Bananas — the perfect fruit to soothe diarrhea



Bananas are often described as the ideal food. They have no fat, cholesterol, or sodium, but are full of fiber, vitamin C, vitamin B6, folate, potassium, and complex carbohydrates. A banana is simple to digest, which makes it easy on the stomach and a favorite food for babies and seniors. It’s also a great remedy for heartburn and acid indigestion.

But because the average adult experiences diarrhea about four times a year, that’s when you’ll be more than grateful for this super fruit. Bananas are the perfect fruit to soothe diarrhea.

Bananas are an important part of the BRAT diet for people recovering from diarrhea. This combination of Bananas, Rice, Applesauce, and Toast is rich in fiber and nutrition but gentle and bland enough to pass easily through a weakened digestive tract. An added benefit is the potassium in bananas. This mineral is one of the important electrolytes you lose during a bout of diarrhea.

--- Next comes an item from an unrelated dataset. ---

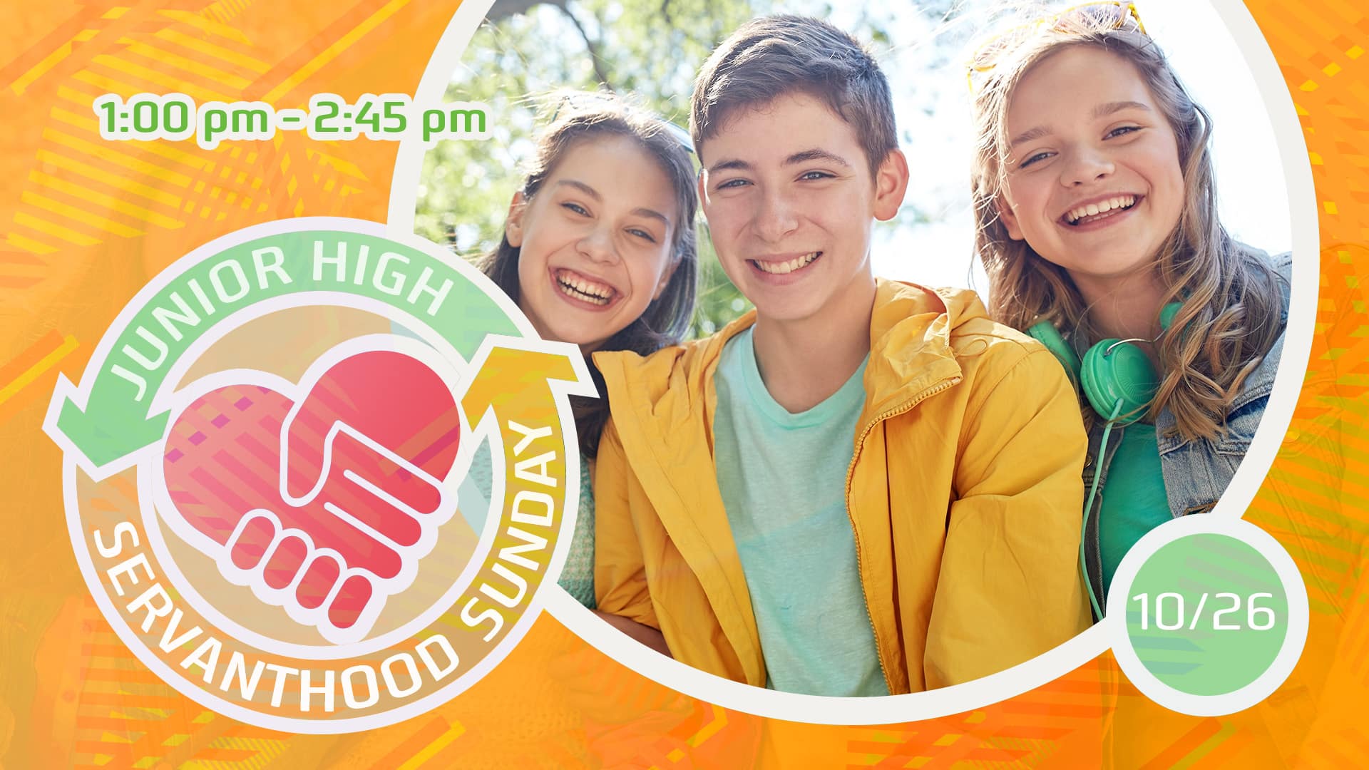 Jr. High students, let’s put some feet to our faith by serving after church from 1:00-2:45 PM. We will help around the church by cleaning and organizing the Children’s Ministry classrooms. There will also be an opportunity to fellowship over lunch, which we will provide. Register to be a part of Servanthood Sunday!

* Click here for updated research on the BRAT diet and it's treatment for diarrhea. 



Potassium replacement is just one reason bananas are also a great energy snack, especially for endurance athletes. Another is that bananas have more digestible carbohydrates than any other fruit. Your body burns calories from carbs faster and easier than calories from protein or fat.

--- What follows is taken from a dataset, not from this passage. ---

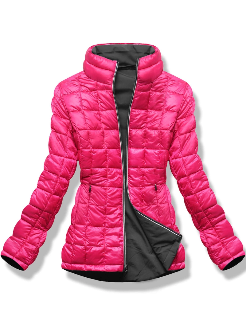 Szaro-różowa damska przejściowa kurtka dwustronna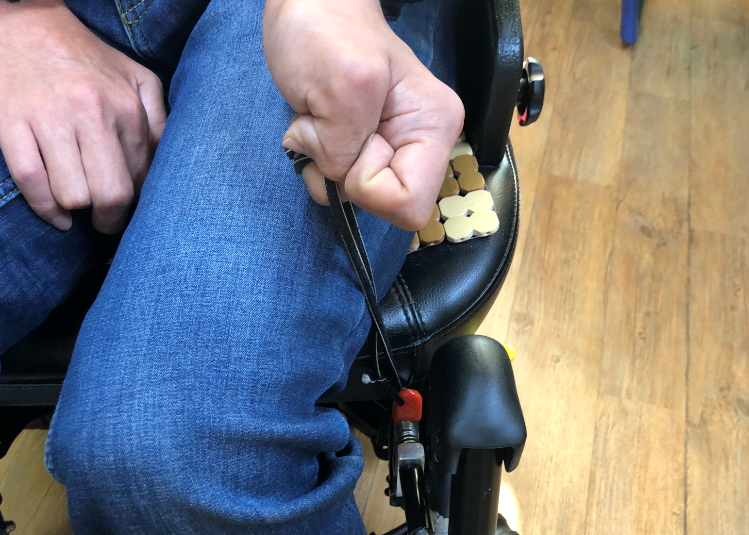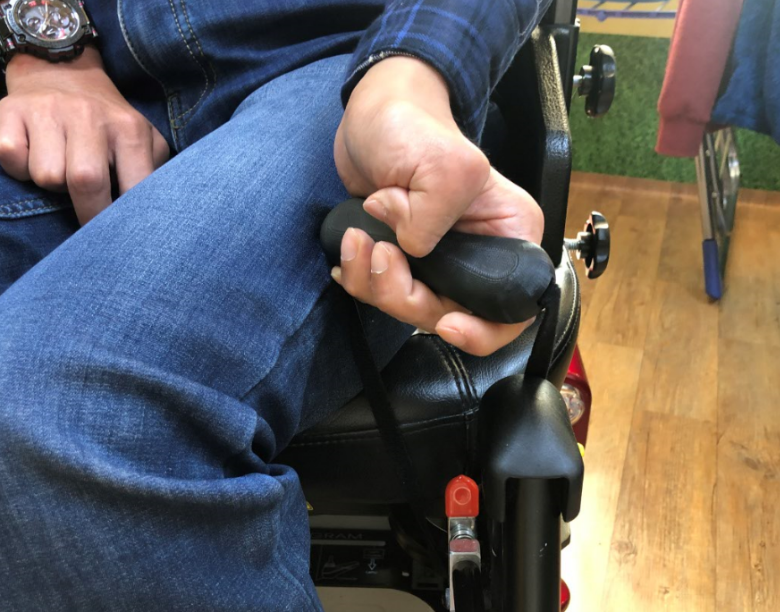 ▣ 대상자 정보 - 만 42세 남성 / 뇌병변 장애 (심한) - 경직형 뇌성마비, 전동휠체어를 사용함. - 과도한 근긴장으로 인해 불수의적인 수축이 발생함. 이로 인해 전동휠체어 탑승 시에 사용할 수 있는 안전손잡이 제작을 의뢰.

Because bananas are harvested and shipped every day of the year, they are always in season. Here are a few tips to help you enjoy them more.


Be patient

Bananas ripen best between 58 and 64 degrees Fahrenheit. They get mushy, split open, and lose their flavor if left in the sun too long. Even in tropical growing areas, bananas are harvested green and stored in moist, shady places to ripen slowly.

Choose wisely

Bananas have seven stages of ripeness, but the last three stages are the most important for consumers. Bananas with green tips are best for cooking. Full-yellow fruit is best for eating, and yellow with brown spots is recommended for baking.

Grab an apple

You can ripen bananas faster with an apple. Put them both in a brown paper bag out of the sunlight. Ethylene gas from the apple speeds up the maturing process.

Keep ‘em cold

Store fully ripe bananas in the refrigerator since cool temperatures slow ripening. Their skin will turn black, but the fruit inside stays fresh.

Say “Freeze!” 

Peel overripe bananas and put them in a freezer bag. Eat them frozen for a sweet summer treat, or use them in baking or in frozen smoothies.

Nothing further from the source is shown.